INPUT DATA:

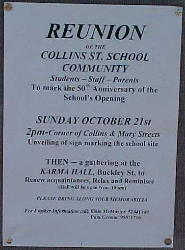 The Collins Street School community celebrated on Sunday October 21 – 2001 to mark the 50th anniversary of the school’s opening. A sign marking the schools site was unveiled at the ceremony. Many ex students and teachers attended the ceremony to mark another important time in the history of Morwell.
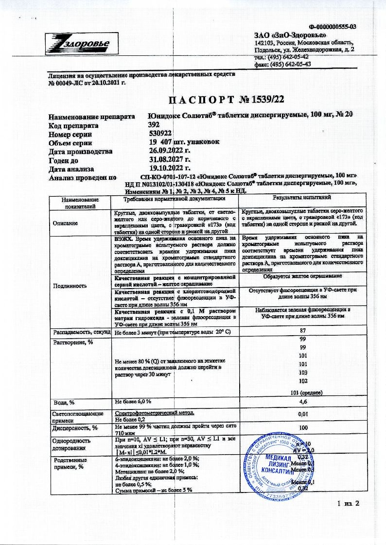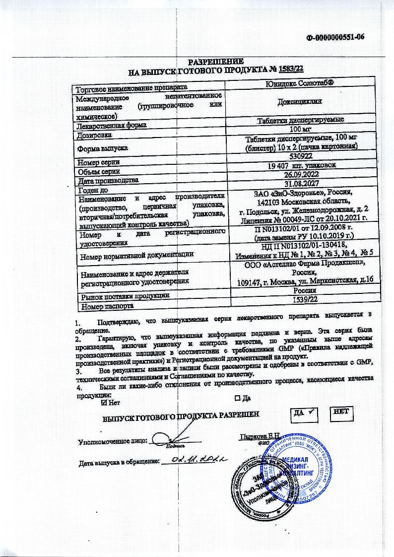При первичном сифилисе назначают по 100 мг два раза в день в течение 14 дней, при вторичном сифилисе - по 100 мг два раза в день в течение 28 дней. При неосложненных урогенитальных инфекциях, вызванных Chlamydia trachomatis, цервиците, негонококковом уретрите, вызванным Ureaplasma urealiticum, назначают по 100 мг 2 раза в сутки в течение 7 суток.
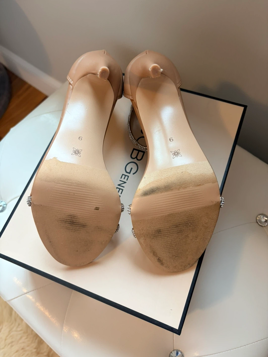 BCBGeneration Strappy Rhinestone Heels Size 6

ASSIGNMENT: Excluding the images, copy all of the material above verbatim.

EXERCISE RESPONSE:
 The Collins Street School community celebrated on Sunday October 21 – 2001 to mark the 50th anniversary of the school’s opening. A sign marking the schools site was unveiled at the ceremony. Many ex students and teachers attended the ceremony to mark another important time in the history of Morwell.
При первичном сифилисе назначают по 100 мг два раза в день в течение 14 дней, при вторичном сифилисе - по 100 мг два раза в день в течение 28 дней. При неосложненных урогенитальных инфекциях, вызванных Chlamydia trachomatis, цервиците, негонококковом уретрите, вызванным Ureaplasma urealiticum, назначают по 100 мг 2 раза в сутки в течение 7 суток.
 BCBGeneration Strappy Rhinestone Heels Size 6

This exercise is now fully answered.